So I am sure you might have been aware that the importation of grain has always been illegal in Zimbabwe. Well, not anymore, as the government has done away with the prohibition of grain importation. Anyone, from individuals to businesses, can now import grain – never mind the quantity (it can be any quantity). This is meant to offer assistance to the government who seem to be struggling to ensure the adequate availability of grain locally. So if you have the money to import grain, now you can do so without any problems since it is now legal.

Minister Perrance Shiri’s Remarks

This development was announced by the minister just after a Cabinet meeting held on Monday. The minister said that anyone can now import grain either for domestic use or to sell. He pointed out that what the importer chooses to do is up to their discretion. However, you will have to secure an import license from the Ministry of Lands, Agriculture, Water, Climate and Rural Resettlement. He also said that those interested can approach the Agricultural Marketing Authority – AMA to get their import licenses. He emphasized that there is no limit as to the quantity of grain one can import into the country. In fact, Minister Shiri actually said that those who will do that will be augmenting the government’s efforts to make grain adequately available locally. He also said that getting licenses will be hassle-free.
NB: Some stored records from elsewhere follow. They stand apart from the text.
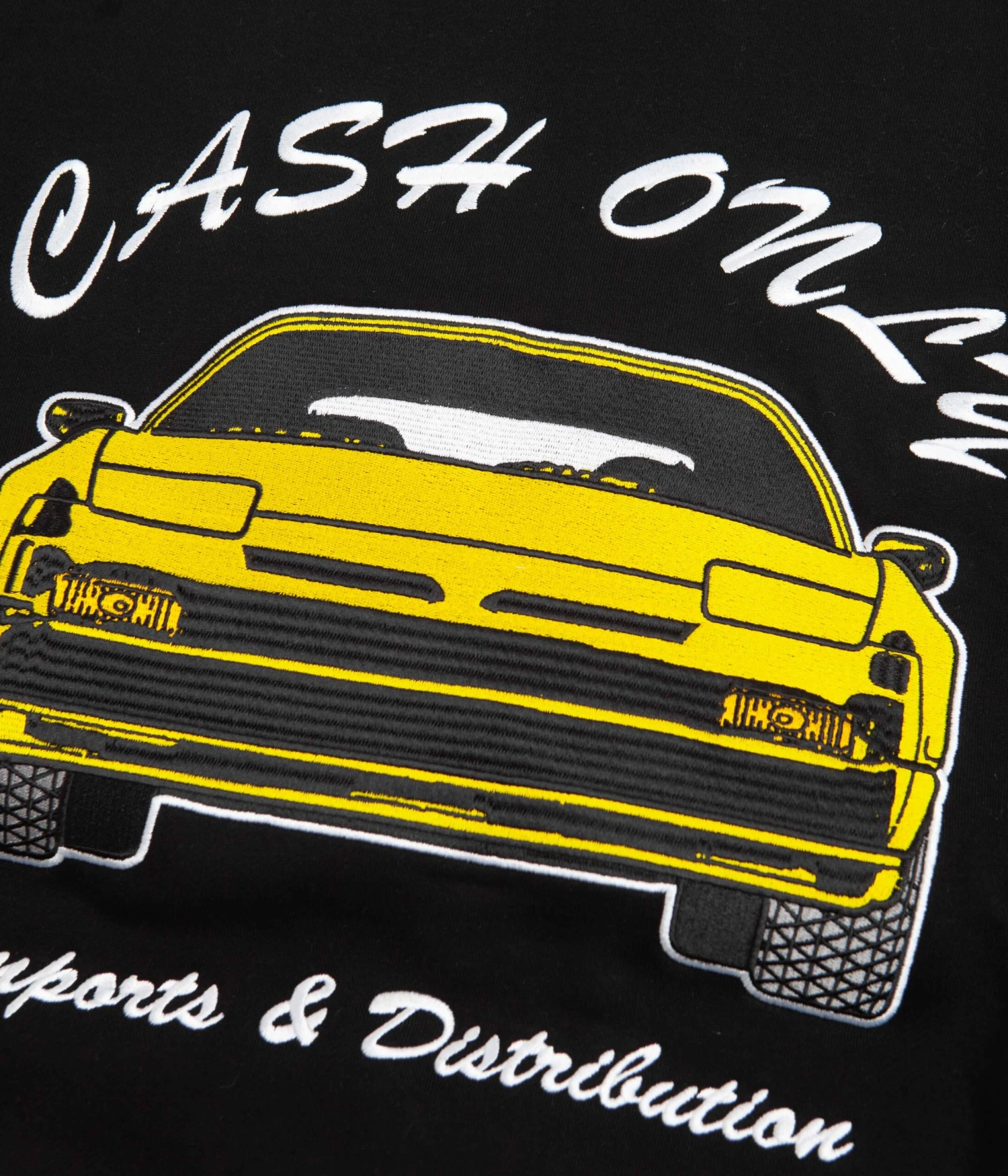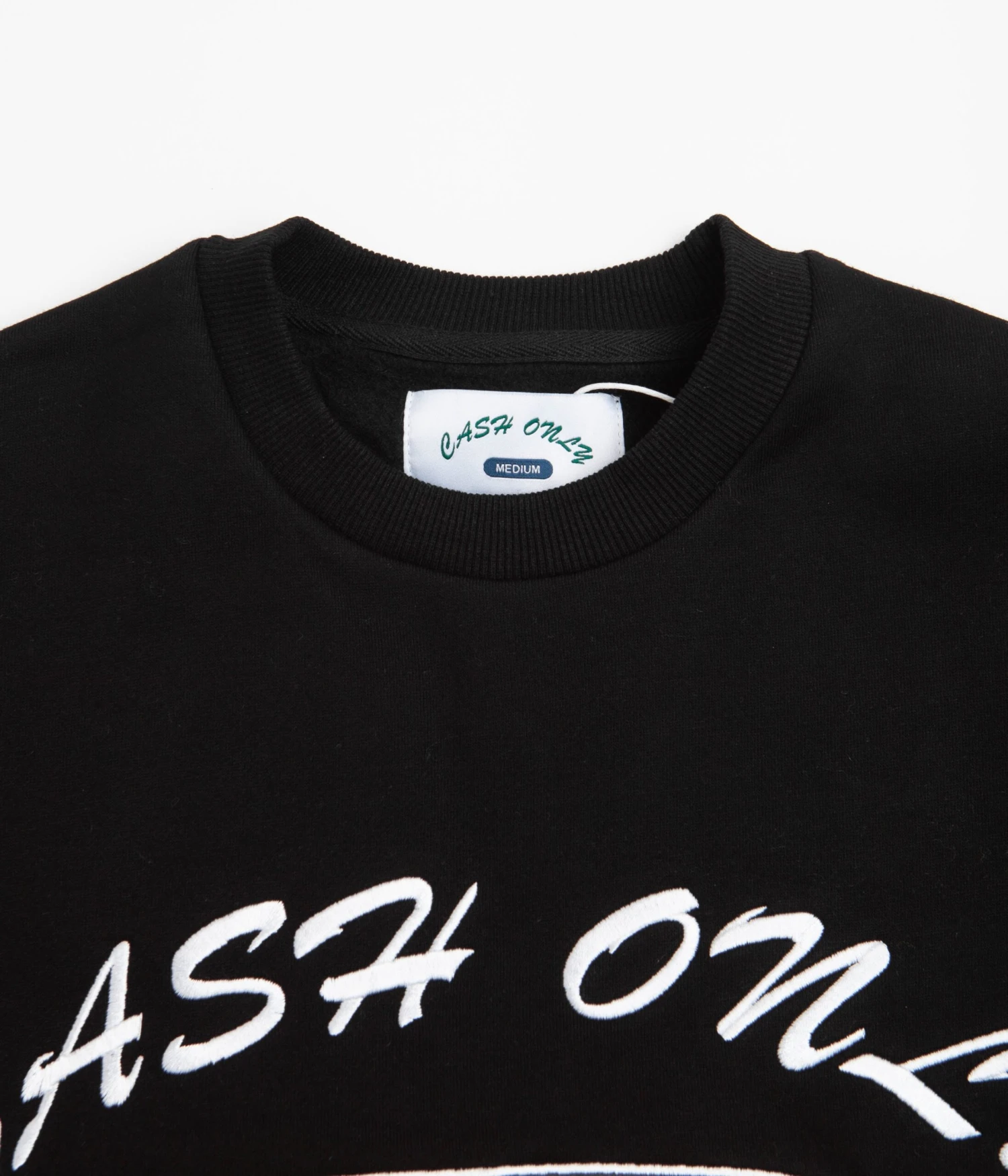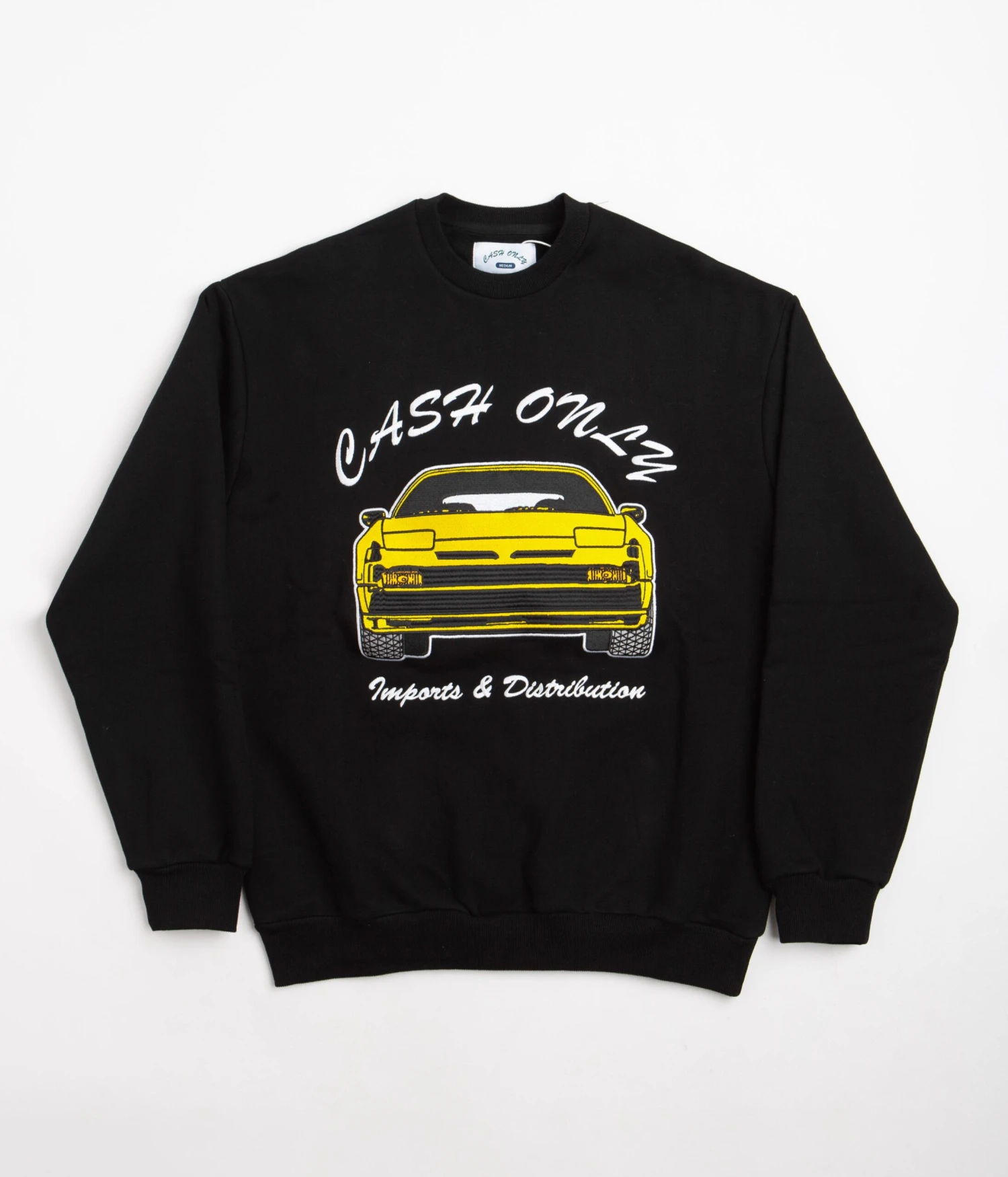 Cash Only Car Embroidered Crewneck Sweatshirt in Black. Made from a cotton-polyester blend, this heavyweight Cash Only sweatshirt is tailored to a regular fitting with dropped shoulders and a thick rib crew collar. Finished in a shade of black with a woven elastic hemline and direct ‘Imports & Distribution’ embroidery sewn across the centre chest.Â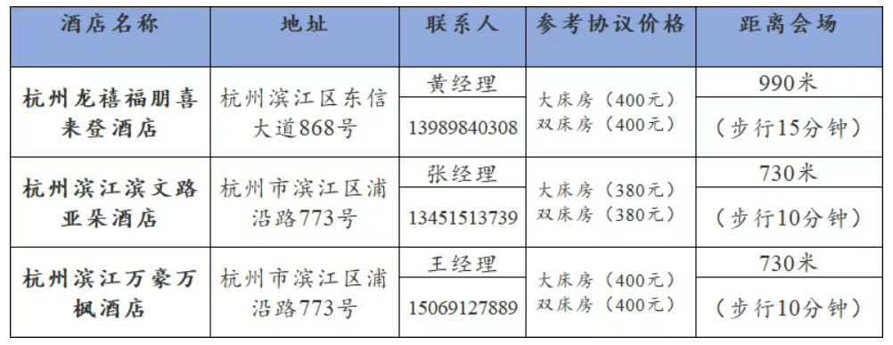 会议协议酒店如下,因房源有限请尽量早预订,并自行向酒店索取发票。
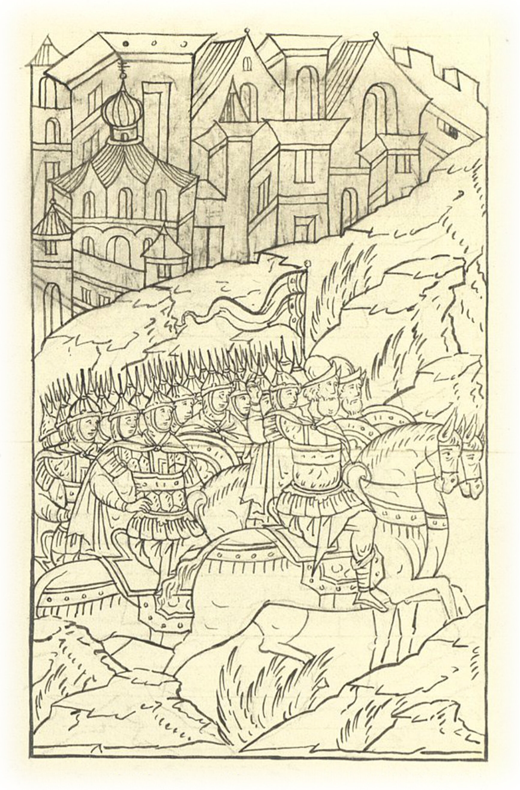 Воеводы царя Ивана Васильевича, разделившись, идут в погоню за царем Емгурчеем.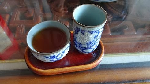 で、こちらが鉄観音の茶葉で入れたお茶です。いい色。右側の縦長の器は、お茶の香りを楽しむためのもの。色、香り、味のすべてを楽しもうという中国茶のスタイルです。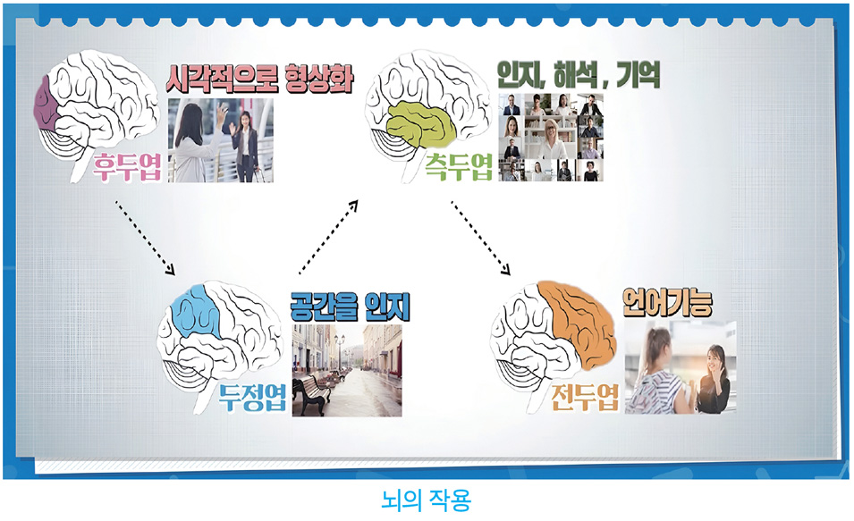 융통성이 없다면 전두엽, 기억력이 없다면 측두엽, 길치라면 두정엽, 앞을 못 본다면 후두엽이 문제인데요. 대뇌의 각 부위는 서로 긴밀하게 연결되어 있습니다. 지인을 거리에서 만났을 때, 후두엽이 그 사람을 시각적으로 형상화해요. 시각적 이미지를 접수한 두정엽은 그 사람을 만난 공간을 인지합니다. 두정엽의 공간 이미지를 바탕으로 측두엽은 그 사람과의 과거 기억을 끄집어내죠. 그리고 이런 내용을 바탕으로 전두엽이 언어 기능을 발휘해 인사를 합니다.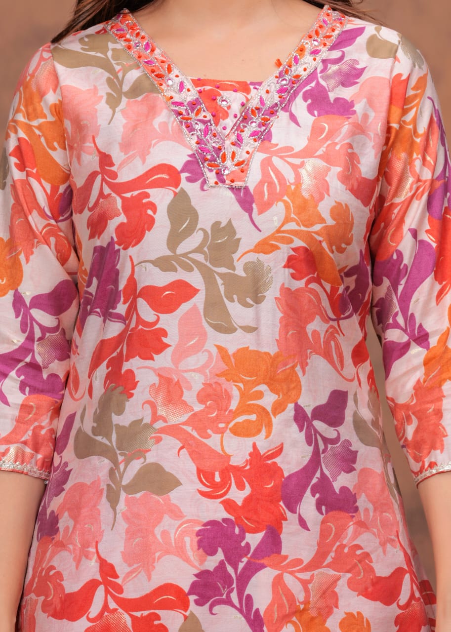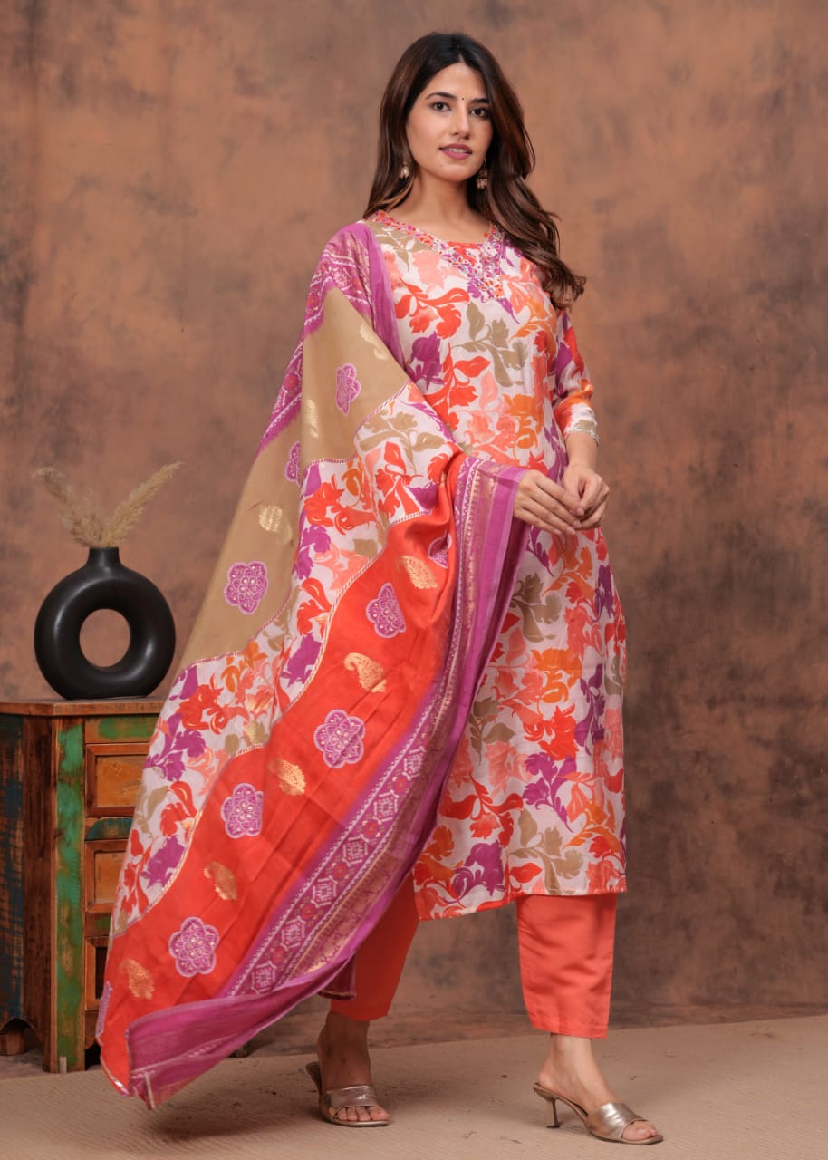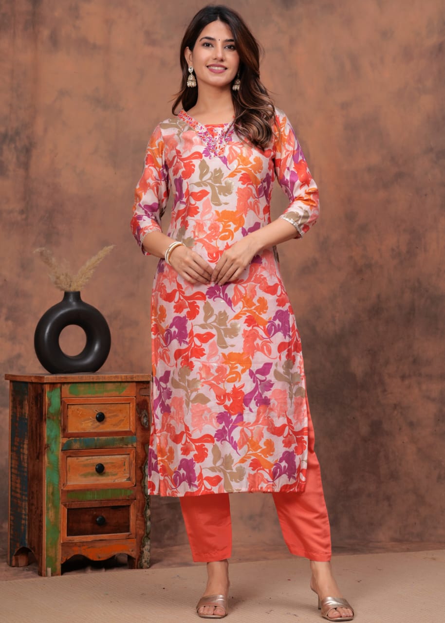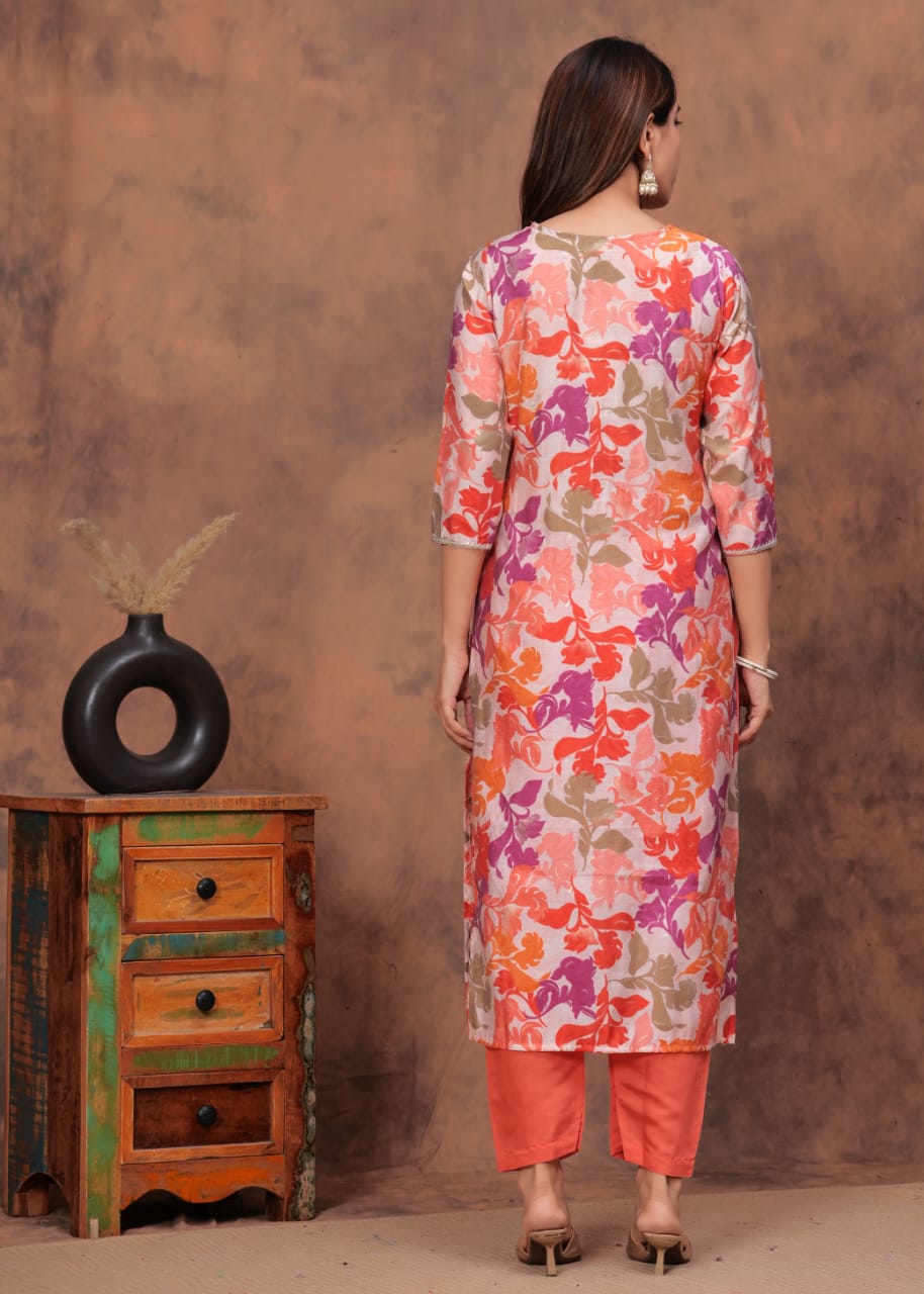 This Orange Casual Floral Printed Kurti Pant Dupatta Set offers a perfect blend of comfort and style. Crafted from soft muslin fabric, the straight-cut kurti features a vibrant floral print that exudes elegance and charm. The set includes matching pants for a coordinated look, while the accompanying dupatta adds a graceful touch. Ideal for casual outings or festive occasions, this 3-piece ensemble ensures a relaxed yet chic appearance. With its breathable fabric and modern design, this Salwar Kameez Dress promises both style and comfort, making it a versatile addition to any wardrobe. Perfect for everyday wear or special events.

What Led To The Minister’s Remarks?

Sometime last week, the minister was asked a question during a Senate session. The question was regarding what the government was doing to ensure small livestock industries remain functional. This was in pursuance of an argument whereby most farmers had expressed concern on how difficult it is to source grain from GMB for the purposes of stock feeds. That is when the minister addressed the question by saying that accessibility of grain by these farmers has been hampered by the issue of allocations. He said that the government has prioritized grain allocation for human consumption as opposed to livestock consumption. This is obviously stemming from the inadequate supply of the locally produced grain. Following that is when he outlined the new development where anyone can now import grain provided they get an import license. He said as for grain for livestock feeds people could still approach the GMB to get such. The condition being they will only be able to access grain that is spoiled or no longer suitable for human consumption.

The Prevailing Drought Situation

Last year the country did not get favourable rainfall and that induced a drought. This means that there is a discrepancy in the amount of grain available and the amount of grain needed. The estimated amount of grain required to see the country through till the next harvest is close to a million tonnes. Typically, Zimbabwe requires close to 2 million tonnes to have sufficient grain. This whole scenario is the reason why the government has opened the avenue for those with funds to import grain if they can. This is because the amount of grain required to see the nation up to the next harvest will come from grain imports.

It is quite unfortunate that this measure is now coming this late. Had this always been the case we would not have been rocked by grain shortages. It is apparent that the nation is being affected by climate change which means we have to move away from heavy reliance on natural rains. As a nation, we need to rethink our approaches in agriculture and agricultural policies in general. In the same vein, we need to also take livestock production very seriously. Most people are now venturing into this line of business and they really need to be given the necessary support. Since livestock production requires feeds it means the adequate supply of grain must be guaranteed. Even our farming methods need to be reviewed in light of how our climate and weather is changing. For instance, this is the beginning of October and as I write this article the weather is extremely cold – something unlike of this time of the year. So there is a need to invest in research into new types of crop varieties and new farming methods (e.g. vertical farming).